Patterns
I am reading A Pattern Garden by Valerie Easton and suddenly things make sense to me.
I began learning about plants and gardening in 2005 when we bought a newly built house in a suburb in Connecticut. I knew nothing about horticulture or design, and I have to say the learning experience over these past 15+ years has been incredibly rewarding.
I created some pretty stunning outdoor spaces and made a new woodland forest to boot, but I had no idea what I was doing. It was all trial and error, and mostly error at that.
I had no design in mind when I started. My singular goal was to hide things using plants.
I wanted to hide the foundation of a new house, hide the view of the neighbors, hide the encroaching weedy meadow surrounding us.
I needed to hide the utility meters on the side of the house and the electrical boxes at the foot of our driveway. The A/C units were a challenge unto themselves.
I had to screen us from an elevated road at the back of our property. And I really needed to disguise the fact that we were living on a flat half acre of unshaded open lawn in a homogenous suburb.
Concealment was my muse, plants were my solution. I saw garden design as isolated problem solving. Got an eyesore? There's a plant for that.
Somehow, from that, I created spectacular gardens. Along the way I realized I needed hardscape too, and we added a stone patio, a gravel sitting area, and I even built a low stone wall myself and put in a tiny but effective stone creek bed. It all helped.
We added bluestone paths, and furniture in the sitting areas.
But I was never satisfied with the whole. It was out of control (too much work, too much a jumble of plants), the sitting areas were disconnected (around to the side of the house, not convenient, not shady enough), the garden tchotchkes I added were haphazard (trellises, pyramids, stone things, plant stands . . ), it all felt too random.
Everything I added seemed to require something else to tie it together and I was just adding more, more, more.
It was beautiful but unsatisfying and I didn't know why.
Reading A Pattern Garden explains why I struggled so. Easton bases her garden design on the Christopher Alexander book A Pattern Language -- the 1,000 page academic slab of a book on urban design principles that explained the connected web of how we experience spaces we live in.

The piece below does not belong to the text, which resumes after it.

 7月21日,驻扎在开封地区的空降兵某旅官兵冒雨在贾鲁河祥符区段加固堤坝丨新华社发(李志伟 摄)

Her book is really accessible and has tons of gorgeous high resolution photographs to show what she means. She describes patterns that make an outdoor space feel right, no matter what climate or setting it is in.
It's clear to me now that my Connecticut garden experiment was lacking these patterns, although I stumbled onto some of the ideas by chance as I went along.

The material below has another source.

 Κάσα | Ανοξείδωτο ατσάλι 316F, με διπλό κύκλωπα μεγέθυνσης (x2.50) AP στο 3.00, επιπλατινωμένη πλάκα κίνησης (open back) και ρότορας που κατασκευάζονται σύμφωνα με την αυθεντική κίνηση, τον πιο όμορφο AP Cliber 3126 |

My Santa Fe garden is much more satisfying, much more tied together, and I know why now. It is smaller, of course, so not comparable to my old garden in size, but it's the scale of it that works. And that's the first pattern she identifies. Here are all of them:
Scale (ease, comfort)Garden rooms (use and purpose)Pathways (movement)Bridges and gates (reveal, disclose)Shelters and borders (define, enclose)Focal point (where the eye goes)Sheds and workspaces (working in a garden)Patios and terraces (living in a garden)Water (of course)Ornamentation and containers (art)Materials (the background for all of it)
Maybe everybody intuitively knows this stuff, but I didn't. When I arrived here in my New Mexico home, most of the outdoor patterns were already established and it's easier to build new gardens with the needed elements mostly in place.
The patterns of good design are here and even though the climate is a bitter challenge and my plants are still puny, this place feels so right in a way my grander gardens in New England never did.
What fun, though, to go back over old garden photos and see how it all looked back then, even with my new knowledge of what was wrong!